Chuck rolled his eyes. Ever a man of his word, he removed $50 from his wallet, and handed it to Casey. "Guess not. Don't spend it all in one place."

Casey grinned. "Pleasure doing business with you, Bartowski. I'm not unreasonable. I'll subtract 50 bucks from what you owe me for the Crown Vic."

Chuck sighed. "That's not fair. It was either us, or your car. Us, is more important, wouldn't you agree?"

Casey muttered. "I loved that car."

Chuck shook his head and returned to work. Casey acted like he was helping Jeff, and removed the dart from Jeff's leg. He rolled him over so he wouldn't choke on his own vomit.

Casey slapped Jeff across the cheeks a couple of times. "Always wanted to do that. Enjoy the hangover, numb nuts."

Casey headed toward the locker room, and sighed when he saw Sarah leaning against the secret entrance to Castle, hands on hips, tapping her foot. Casey knew he had been caught red-handed.

Sarah seethed. "That was low, Casey!"

Casey rolled his eyes and handed Sarah the money. "I was planning on giving it back. Just having a little fun."

Sarah snatched the money from Casey's hands. "Do you want to be the one explaining why you blew your cover over a stupid bet? Beckman would assign you to Antarctica, if you're lucky."

Casey grunted annoyed.

Sarah stopped at the door, speaking over her shoulder. "In exchange for my silence, I want a little privacy with Chuck tonight. No bad guys, no cover, and no annoying friends.
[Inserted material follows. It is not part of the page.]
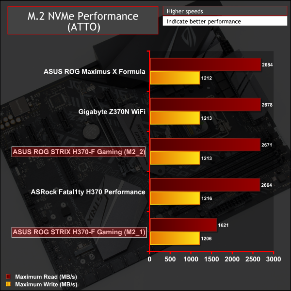 M.2 performance takes a real hit in the PCIe 3.0 X2 slot (M2_1), reducing maximum read speeds from 2.6 to 1.6 GB/s.

I need Chuck's opinion on an article of clothing from Victoria's Secret I have been saving for Chuck's eyes only. Today is Chuck's birthday, and he can unwrap me."

Sarah's smile faded to a deadly scowl. "I have needs! Beckman and the CIA can take protocol, and shove it straight up their asses! Chuck is my man! This 'will they, won't they' horse crap ends tonight, one way or the other!"

Casey scowled. "Fine."

Like flipping a switch, Sarah's smile returned. "Good. By the way, I agree with your assessment. Morgan is a human trash compactor."

Sarah turned, making eye contact with Casey. "Your mission is to keep Morgan away from Chuck's apartment. Ellie and Awesome are pulling double shifts. I don't want any interruptions. Got it?"

Casey nodded. "Done. Anything else on the blackmail list, while we're at it?"

Sarah shrugged. "Nope. That'll do."

Sarah removed a knife from behind her back, pointing the blade at Casey. "If anyone…and I mean anyone, crashes my date with Chuck tonight, the unlucky sonofabitch will be removing this from their scrotum!"

Sarah took out her phone, snapped her best sexy selfie, and sent it to Chuck before skipping back to Castle's entrance.

Casey smiled sadistically. "You didn't say how to keep the idiot away."

Sarah popped her head through the entrance. "Whatever you're thinking, Morgan lives. I don't want Chuck upset."

Sarah disappeared. Casey grunted angrily, then smiled. "Don't worry. He'll live."

"Lots of people live with broken limbs."